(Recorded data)
*** Begin section ***
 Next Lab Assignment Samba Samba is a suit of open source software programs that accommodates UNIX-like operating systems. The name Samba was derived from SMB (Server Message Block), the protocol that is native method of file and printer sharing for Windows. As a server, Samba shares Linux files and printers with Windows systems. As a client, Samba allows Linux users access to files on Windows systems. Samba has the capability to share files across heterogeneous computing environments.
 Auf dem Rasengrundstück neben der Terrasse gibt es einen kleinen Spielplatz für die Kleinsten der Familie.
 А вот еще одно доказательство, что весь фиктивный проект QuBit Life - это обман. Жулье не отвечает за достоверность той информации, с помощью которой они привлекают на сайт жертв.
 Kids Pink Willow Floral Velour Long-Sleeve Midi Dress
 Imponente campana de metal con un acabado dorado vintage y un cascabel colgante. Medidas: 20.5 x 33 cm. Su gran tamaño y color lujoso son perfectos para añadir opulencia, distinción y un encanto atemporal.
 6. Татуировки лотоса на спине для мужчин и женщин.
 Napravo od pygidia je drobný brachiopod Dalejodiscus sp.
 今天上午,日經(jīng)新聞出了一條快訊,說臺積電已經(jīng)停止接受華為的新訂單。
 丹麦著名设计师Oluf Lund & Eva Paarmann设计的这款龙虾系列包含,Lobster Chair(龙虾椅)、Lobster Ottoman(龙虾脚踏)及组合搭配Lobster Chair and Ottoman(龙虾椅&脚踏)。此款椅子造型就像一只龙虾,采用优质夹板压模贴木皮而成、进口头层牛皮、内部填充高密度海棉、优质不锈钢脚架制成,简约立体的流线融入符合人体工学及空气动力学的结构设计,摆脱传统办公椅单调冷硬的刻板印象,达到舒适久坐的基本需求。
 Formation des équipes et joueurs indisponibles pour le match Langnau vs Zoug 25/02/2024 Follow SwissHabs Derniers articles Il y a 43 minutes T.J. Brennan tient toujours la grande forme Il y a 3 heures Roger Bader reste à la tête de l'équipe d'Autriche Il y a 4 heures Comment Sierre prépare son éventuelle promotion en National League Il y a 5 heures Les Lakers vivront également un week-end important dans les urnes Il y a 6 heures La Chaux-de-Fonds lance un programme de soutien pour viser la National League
*** End section ***
Work instruction :: Above this instruction are the records; retype exactly the lines from the one containing "Napravo od pygidia" up to and including the one containing "今天上午,日經(jīng)新".

Response ::
 Napravo od pygidia je drobný brachiopod Dalejodiscus sp.
 今天上午,日經(jīng)新聞出了一條快訊,說臺積電已經(jīng)停止接受華為的新訂單。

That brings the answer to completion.